Her grandmother, Alda Shilkoski, smelled smoke and went downstairs.

The television cord, worn thin, had sparked and set the bottom of the entertainment center on fire, said fire inspector Capt. Bill Sharksnas. When the fire started, "(Hailey) was six or seven feet from the front door."

"She ran up the steps and wouldn't come down," said Shilkoski, 54, from her bed in the intensive care unit at Geisinger Wyoming Valley Medical Center, Plains Township, Tuesday evening. She was being treated for smoke inhalation.

The living room, near the front door, was filling with smoke and Shilkoski couldn't get upstairs.

When the television began to melt she ran outside.

"I was driving by and I saw a woman outside and her face was covered in black," said Kevin Holbert, who lives nearby. "She was hysterical."

Holbert and neighbor Bryson Wardle tried to get inside the house through a back door but the smoke was too heavy. "I've never seen anything like it," Holbert said.

"I screamed to help the baby," Shilkoski said. "I just wanted to get her out of there."

Three people called 911 at about 12:34 p.m., said Fire Battalion Chief Ed Snarski.

Snarski was among the first to arrive at the fire in the city's Parsons section. When he could see the fire from Mill Street and smell the smoke on George Avenue, he called a second alarm. Nearly every fire vehicle in the city and about 20 firefighters fought the blaze.

Joe Davis of the Department of Public Works helped Snarski put a ladder up to the small window in Hailey's bedroom. Three police officers offered support.

Two two-man crews headed into the burning building to look for the girl. Others battled the flames, ran hose and watched for danger.
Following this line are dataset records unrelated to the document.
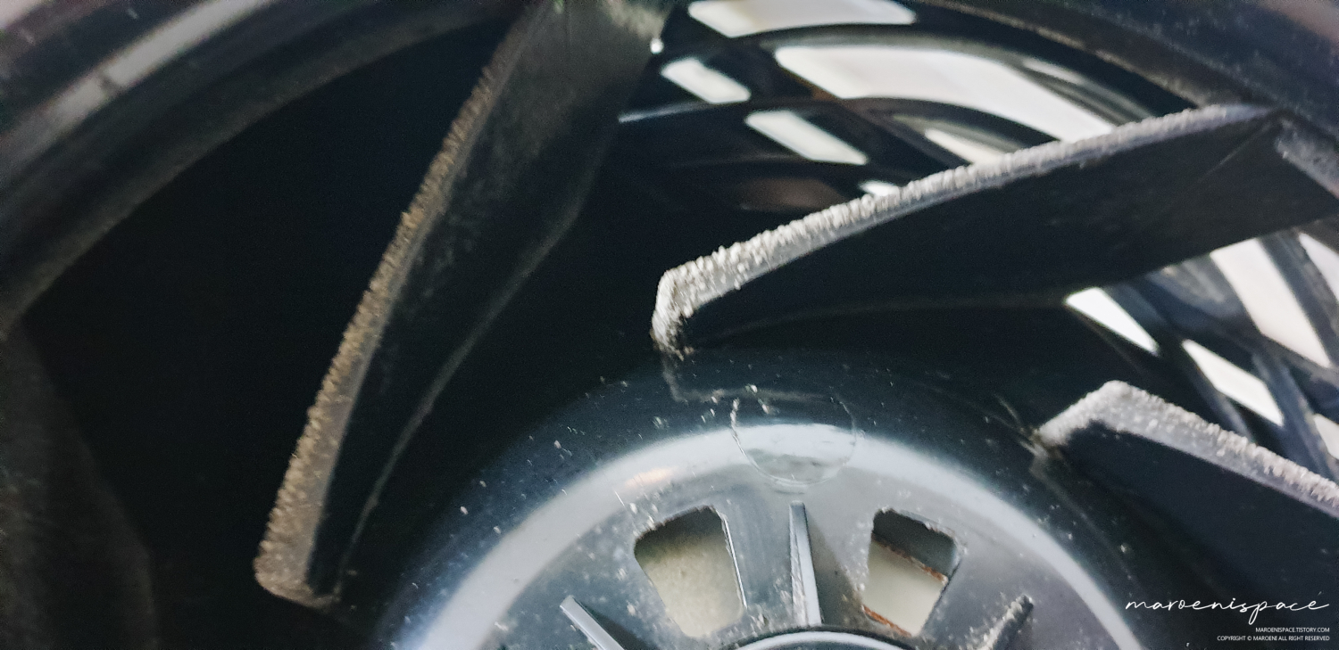 아앗...! 그런데 날개에 메챠쿠챠하게 피어있는 곰팡이를 발견했어요.. 보자마자 너무 경악을 해서 그런지 초점이 흐려진듯.. 여기도 남은 에어컨 세정제와 티슈를 이용해서 깨끗하게 닦아주었습니다.
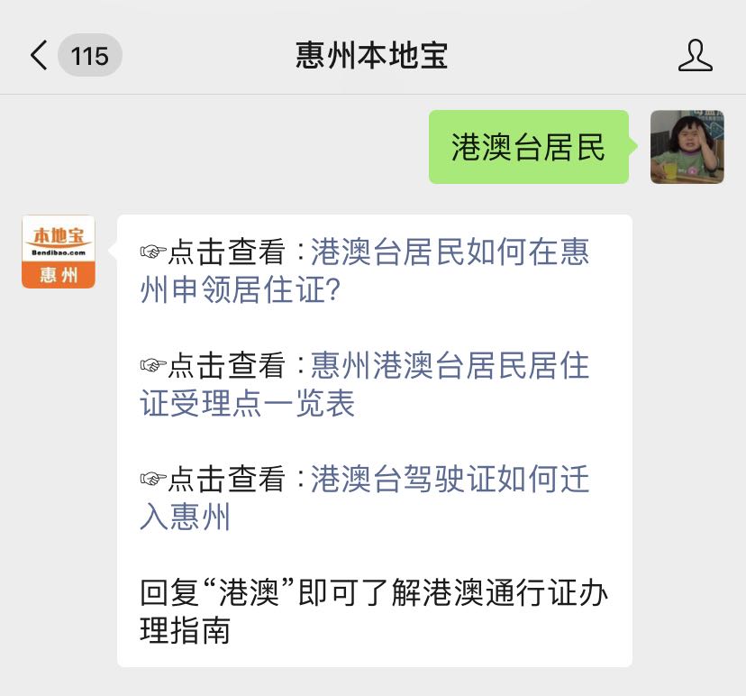 温馨提示:微信搜索公众号惠州本地宝,关注后在对话框回复【港澳台居民】可获得惠州港澳台居民办理居住证指南、地点及详细的方式等等。
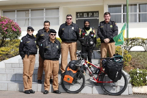 Polícia Militar recebe visita do aventureiro Vinícius da Silva
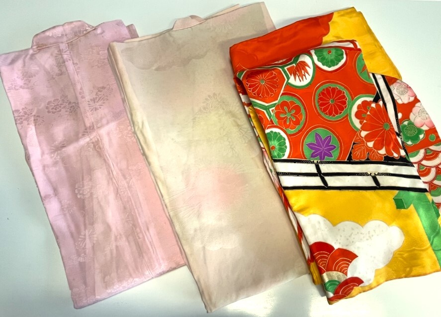 > 花とら●リサイクル着物 女児 祝い着 長襦袢付き 女児 一つ身 ポリエステル 絹 リメイク 素材 細工用 250808

When McHenry arrived with Pvt. Robert Sudnick, the ladder was ready.

McHenry went up first and quickly realized the small window wouldn't accommodate a firefighter with an air tank. So he broke out the window and frame, then climbed in.

He fell.

"For a split-second I thought I was going down to the first floor," McHenry said. But at about five feet down, he hit ground. Sudnick - "he thought he was going in to rescue me" - fell onto McHenry moments later. Then their training kicked in. McHenry began searching along the wall to the right. Sudnick took left. By the time Sudnick found Hailey's empty bed, McHenry was handing the girl to Delaney, who'd climbed the ladder to look for his fallen men. Meanwhile another crew had reached her bedroom from the other side.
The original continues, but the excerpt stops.